Question

Can someone help explain the following result:

If the dimension is at least five, there are at most finitely many different smooth manifolds with given homotopy type and Pontryagin classes.

Thank you so much!

Answer 1

In the $1$-connected case, one may argue as follows:

Let $X$ be a closed $1$-connected smooth $n$-manifold, $n \ge 5$. The theory of the Spivak fibration shows that any homotopy equivalence $f: M^n \to X$ with $M$ smooth is covered by a stable fiber homotopy equivalence of underlying stable tangent spherical fibrations of $M$ and $X$. Call $f$ stably tangential if this equivalence of stable spherical fibrations lifts to an isomorphism of stable tangent vector bundles.

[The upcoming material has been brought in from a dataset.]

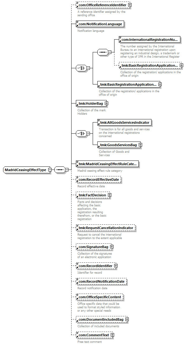 | children | com:OfficeReferenceIdentifier com:NotificationLanguage com:InternationalRegistrationNumber tmk:BasicRegistrationApplicationBag tmk:HolderBag tmk:AllGoodsServicesIndicator tmk:GoodsServicesBag tmk:MadridCeasingEffectRuleCategory com:RecordEffectiveDate tmk:FactDecision tmk:RequestCancellationIndicator com:SignatureBag com:RecordIdentifier com:RecordNotificationDate com:OfficeSpecificContent com:DocumentIncludedBag com:CommentText | ||||
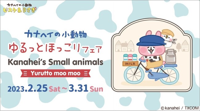 株式会社テレビ東京コミュニケーションズ(本社:東京都港区、代表取締役社長:佐々木宣幸)は、2月25日(土)~3月31日(金)までキデイランド、ロフト、ヴィレッジヴァンガード、テレ東本舗。、FEWMANY、ゆるっと書店、ヤマシロヤ、カナヘイの小動物公式ECサイト「ゆるっとストア」で、『ゆるっとほっこりフェア~カナヘイの小動物 ゆるっとモーモー~』を開催します。

Then the surgery exact sequence shows that any stable tangential homotopy equivalence $f: M \to X$ is homotopic to a diffeomorphism $f': M \sharp \Sigma \to X$, where $\Sigma$ is a homotopy sphere, and $\sharp$ means connected sum.

(You can either quote here Corollary II.3.8 of Browder's book, or you can deduce it directly from the surgery exact sequence. The point is that connected sum gives an action of the homotopy $n$-spheres on the the structure set of $X$, and one can compare the surgery exact sequence for $M$ and the sphere to deduce the above statement.)

To finish the proof of what you want, notice:

1. Kervaire and Milnor showed that there are only finitely many homotopy spheres in each dimension $\ge 5$.

2. The obstruction to the homotopy equivalence being stably tangential is given by its normal invariant, which is an element of $[X,\text{G/O}]$ (it's given by the "difference" between the stable tangent bundles of $M$ and $X$, i.e., $(f^{-1})^*\tau_M - \tau_X$, appropriately interpreted).

3. The map $\text{G/O} \to B\text{O}$ is a rational homotopy equivalence (by Serre). The image of the normal invariant in $[X,B\text{O}]$ is rationally detected by the difference of the Pontryagin classes of $M$ and $X$ using the fact that $H^*(B\text{O}; \Bbb Q)$ is a polynomial algebra on the $p_i$.